* Work to complete *
Write the full listing out again, word for word, but omit the pictures.

======== Dataset extract

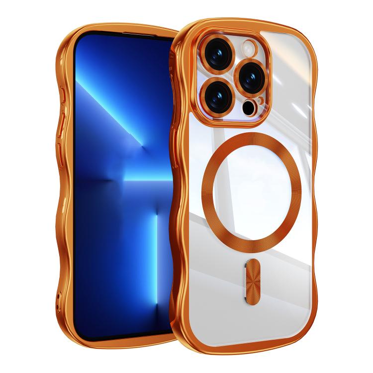 For iPhone 13 Pro Big Wave Electroplating MagSafe Magnetic Phone Case(Orange)
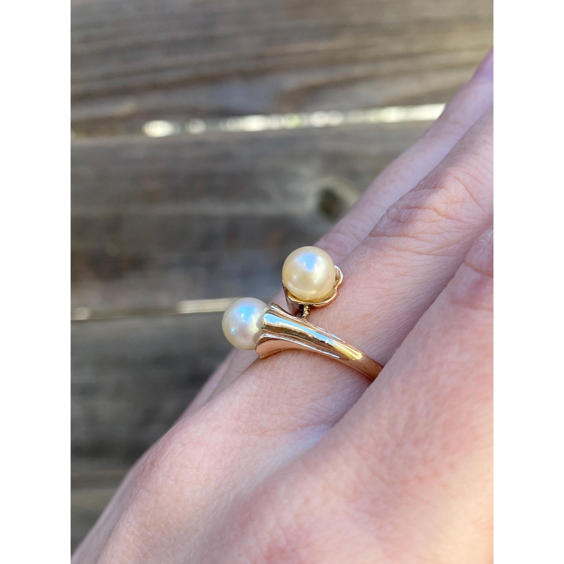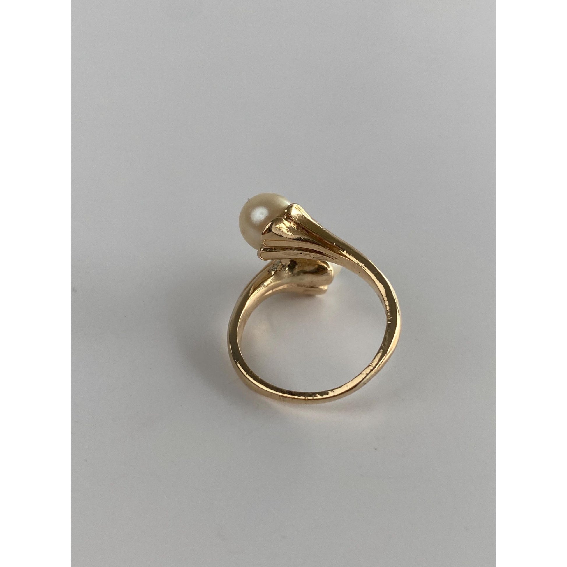 Solid 14k Yellow Gold Pearl Bypass Ring - Size 5.75
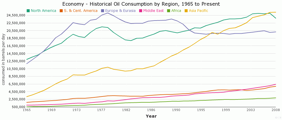 This chart shows the historical Oil Consumption in barrels per day - 1965 onwards.

================

* Written response *
 For iPhone 13 Pro Big Wave Electroplating MagSafe Magnetic Phone Case(Orange)
 Solid 14k Yellow Gold Pearl Bypass Ring - Size 5.75
 This chart shows the historical Oil Consumption in barrels per day - 1965 onwards.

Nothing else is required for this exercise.